News & Ideas

New Beginnings

As the Schlesinger Library's building undergoes an intensive renovation, increasing the diversity of its collections also remains a top priority. 

Author By Jane Kamensky, Carl and Lily Pforzheimer Foundation Director, Jonathan Trumbull Professor of American History, Harvard Faculty of Arts and Sciences Published 01.11.2019 Share this page on Facebook Share this page on Twitter Share this page on LinkedIn Copy Link

As I write, my bookshelves are empty, and my sunny corner office on the first floor of the Schlesinger Library is piled high with boxes, awaiting our move to temporary quarters. Over the next nine months, the Library’s staff will acquire and process collections in the buildings of the former Bunting Institute on Concord Avenue; researchers will make use of a reading room relocated to Fay House. All the while, a thorough renovation will transform the Schlesinger. Next fall, we’ll return to a 1906 building restored and remade for a 21st-century library, with new spaces for teaching and learning, a digital research suite, and an exhibition gallery nearly doubled in size. 

In many ways, this renovation, which begins at the close of our 75th anniversary year, marks the end of a long chapter of the Schlesinger’s history and the beginning of a new one. Over three-quarters of a century, our collections have grown in ways that would have been hard to imagine in 1943: from an initial gift of some 30 cartons of manuscripts focused on the campaign for American women’s suffrage to more than 4,100 manuscript collections and 150,000 printed volumes documenting many facets of the lives, work, and thought of American women from the nation’s beginnings to the present day. Researchers continually discover new American histories in our collections; this year, we hosted more than 3,500 visits to the Carol K. Pforzheimer Reading Room, an increase of 12.5 percent from the previous year. Even our oldest holdings are renewed by the scrutiny of new eyes with fresh questions.
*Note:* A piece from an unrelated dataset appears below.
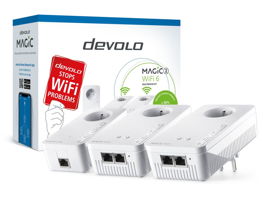 Devolo Magic je spolehlivá domácí síť vedená standardním elektrickým rozvodem. Devolo nabízí jednoduchou alternativu všem složitým kabelovým instalacím, zachovává maximální rychlost až 2400 Mb/s a eliminuje zpomalení nebo výpadky bezdrátové Wi-Fi sítě vlivem rušení. Plynulost při streamingu videa z internetu, hraní online her, využívání aplikací pro virtuální realitu nebo kancelářské práci není tak již závislá na momentálním přetížení bezdrátové komunikace. Adaptéry stačí zapojit do zásuvky v místě, kde je aktuálně umístěné zařízení, které chce uživatel připojit do sítě a inteligentní technologie Plug and Play propojí všechny takto zapojené body do jediného celku. Síťové standardy: IEEE 802.3, IEEE 802.3u, IEEE 802.3ab, IEEE 802.3x, IEEE 802.3az, IEEE 802.11 a, b, g, n, ac, k, r, v (2.4/5 GHz souběžně), IEEE 802.3az, Auto MDI/X, HomeGrid Forum. Přenosová rychlost: Powerline až 2400 Mbit/s, Wi-Fi 1800(mbps,2x2 MIMO/5 GHz) Wi-Fi 574(mbps,2x2 MIMO/2,4GHz). Dosah: až 500m, Wi-Fi 300m, Mesh Wi-Fi. Modulace: Powerline OFDM - 4096/1024/256/64-QAM, QPSK, BPSK, Wi-Fi DSSS (IEEE 802.11b), Wi-Fi OFDM (IEEE 802.11a, g, n, ac, ax). Zabezpečení: WPA/WPA2,WPS PIN, WPS PBC, Wi-Fi Time Schedule, 128 Bit AES. Rozhraní: 2 x Ethernet RJ45, 2x2 for 2,4 + 5 GHz souběh/ 4 x AntenaDodatočné parametre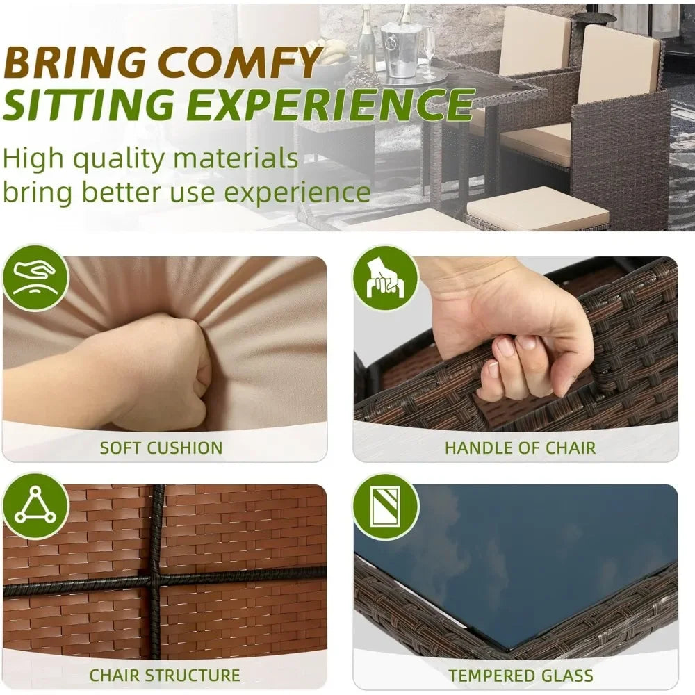9 Pieces Patio Dining Sets Outdoor Conversation Sets, Space Saving Wicker Chairs with Glass Table and Ottomans,Cushioned Seating

But we also need new collections to tell new stories. In recent years, increasing the diversity of our collections along racial, ethnic, class, regional, and ideological lines has been our highest strategic priority. Last year, 60 percent of what we added to our holdings reflected that priority. Those acquisitions include the papers of well-known writers and thinkers such as Jennifer Finney Boylan, Angela Y. Davis, and Lani Guinier along with the extraordinary records of more ordinary women from all across the United States, from the 19th century to the present.  

This fall, as we ring out the old building, my colleagues and I have begun a new collections initiative to better honor our commitment to documenting the full breadth of American women’s experiences. In October, a working group on Asian American women’s collections convened for the first time. The group, composed of activists and community leaders, faculty members, and alumnae who represent a variety of Asian American experiences, is helping the Library develop particular emphases in our drive to document women and families who came to the United States from many parts of the Pacific Rim, and whose journeys, lives, and contributions have transformed modern America.  
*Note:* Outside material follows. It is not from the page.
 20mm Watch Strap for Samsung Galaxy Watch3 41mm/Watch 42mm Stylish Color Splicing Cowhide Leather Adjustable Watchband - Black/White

The Schlesinger’s Asian American collections initiative builds on small beginnings, much as the Library itself did in 1943. Our current Asian American holdings include the papers of the Beijing-born author, businesswoman, and Republican Party activist Anna Chennault and oral history projects centered on Chinese American women and Cambodian American women and youth. We also hold numerous Euro-American women’s collections documenting diplomatic, human rights, and missionary work in South and East Asia. These collections, while important, are plainly insufficient to capture Asian American women’s significance in areas of American life ranging from the arts to labor activism to higher education to the prevention of family violence to popular culture and the beauty industry. As the United States reckons with its place in what has been called the Pacific Century, the Library is excited to connect with new communities of immigrant women and their descendants in California, New York, the Midwest, and beyond. We hope that by the time we cut the ribbon on our refreshed space next year, we can report on the first fruits of this new collecting initiative. Asian American women are remaking the world every day. We expect that their archives will transform our understanding of American history for many years to come.